As a Tech CEO
I also see the downsides...
I’m an entrepreneur and a chief executive officer of a technology company. We build and deploy advanced data systems, artificial intelligence, and modern software to help organizations operate more efficiently and make better decisions. I believe deeply in the benefits of this technology. I see them every day.
I also see the downsides.
Technology doesn’t arrive in the abstract. It arrives inside organizations, workflows, and lives. It changes how decisions are made, how responsibility is distributed, and how people experience their work. Ignoring that reality is negligent.
I don’t fear artificial intelligence. I work with it. I invest in it. I push it forward. But I also know that efficiency is not the same as progress, and automation is not the same as understanding. Used carelessly, powerful tools can narrow judgment, distance accountability, and quietly strip meaning out of work long before anyone notices.
That’s why I’m involved in this conversation.
AI is already adopted so this is not a “should we” question. The real question is where it belongs (and where it doesn’t). What decisions should be automated, and which ones must remain human? Where does speed matter more than context, and where does context matter more than speed? Who is accountable when systems fail, behave unexpectedly, or cause harm?
These are operational questions that cannot be avoided nor ignored.
In the environments I work in, the most effective systems are not the ones that replace people.

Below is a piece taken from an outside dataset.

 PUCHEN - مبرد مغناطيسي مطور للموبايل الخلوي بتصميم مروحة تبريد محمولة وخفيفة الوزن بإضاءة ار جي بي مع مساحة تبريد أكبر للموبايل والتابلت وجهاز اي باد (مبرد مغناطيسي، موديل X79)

They are the ones that clarify the human role. Where machines handle what is mechanical and humans remain responsible for judgment, ethics, and outcomes. When that balance is clear, technology amplifies capability.
I care about this because I don’t want a future where technology quietly dictates the shape of work without intention. I want one where we are deliberate and where people understand how these systems work, where their judgment still matters, and where responsibility doesn’t disappear behind dashboards and algorithms.

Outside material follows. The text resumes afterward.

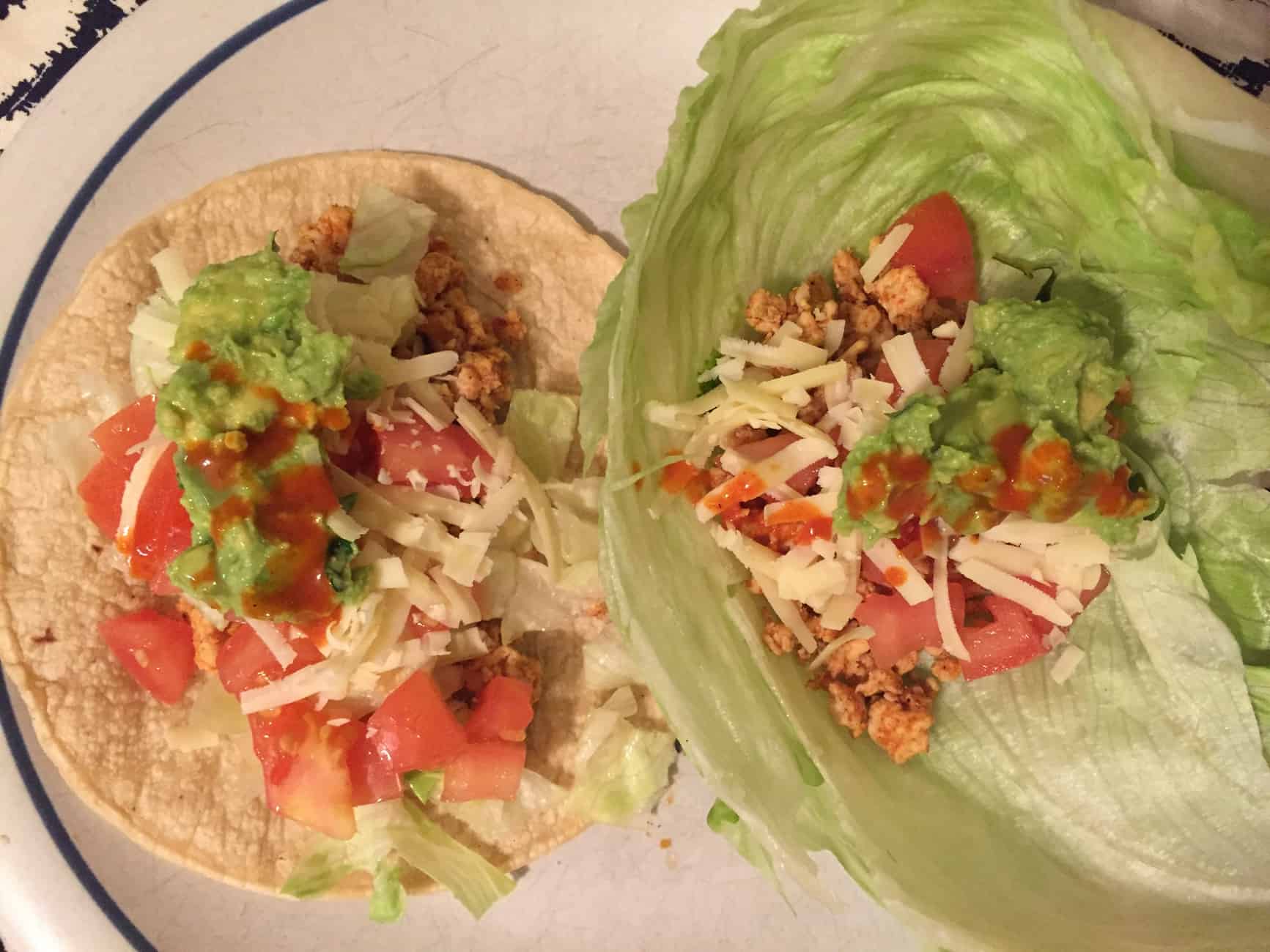 For dinner we celebrated Taco Tuesday! Ground chicken, corn tortillas, lettuce wraps, tomatoes, guacamole, and shredded cheese. Can’t go wrong with that.

This is about honestly understanding innovation, not slowing or limiting it.
If we want technology to serve society rather than hollow it out, we have to be clear-eyed about its role in work. That means designing systems that respect human judgment, preparing workers for the responsibilities that remain, and refusing the false choice between progress and dignity.
I believe this type of intentionality is my obligation as technology CEO.